Itamar Freed (born 1987). Freed is an international artist working in Israel, UK and Australia. Freed’s work has been showcased in solo exhibitions in the Ramat-Gan Museum of Art, Israel, Litvak Contemporary in Tel Aviv and VOLTA NY Art Fair 2017, New York His works were also shown in group exhibitions including “NordArt 2016” and “NordArt 2018”, International Art Exhibition, Büdelsdorf, Germany, Pulse, Miami 2018, Edinburgh Prints, Edinburough, Musrara Gallery, Jerusalem, the Bezalel Gallery, Jerusalem etc.

Freed received his B.F.A from the Bezalel Academy of Arts and Design in 2012. He received his M.F.A from the Royal College of Arts, Photography Program, London in 2018. Freed has been the recipient of the 2016 Clore - Bezalel Scholarship & a full Grant for a Master’s degree at the Royal College of Arts, London and the 2012 “EPSON” first prize for excellence in the art of photography. Freed’s works are included in private and public collections worldwide among them the Lauren and Mitchell Presser Photography Collection, USA, The Estee Lauder art collection, USA, US State Department and the Clore Collection, London, UK.

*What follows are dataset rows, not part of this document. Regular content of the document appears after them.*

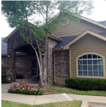
Parks At Cliff Creek
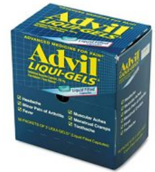
ADVIL LIQUID GELS - 50 PACKS X 2 TABLETS (BOX)
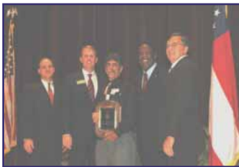
Rockdale Judicial Circuit Facility Fitness Award

Tamar Roded, (born 1983). Roded works in Arad and Tel Aviv. Roded deals with destruction and construction in the urban space, drawing upon her experience living in Fuyang, an industrial city in eastern China. Roded’s work has been showcased in solo and group exhibitions including ZK Contemporary Gallery, San Francisco, USA, Lendava Gallery Museum, Slovenia, Minshar Art Gallery, Tel Aviv, Israel, “The Triangle”, Yearot Hacarmel Hotel, Israel, and Zemack gallery, Tel- Aviv, Israel. Roded graduated from Beit Berl College School of Art – Hamidrasha in central Israel in 2011, and has been the recipient of the 2011 Excellence Scholarship for High Achievement, Ministry of Education, 2014 LindArt International Young Artists’ Colony, Lendava Gallery Museum, Lendava Castle, Slovenia, and the 2017 ‘Artist in The Community’, scholarship by the Ministry of Culture, Israel.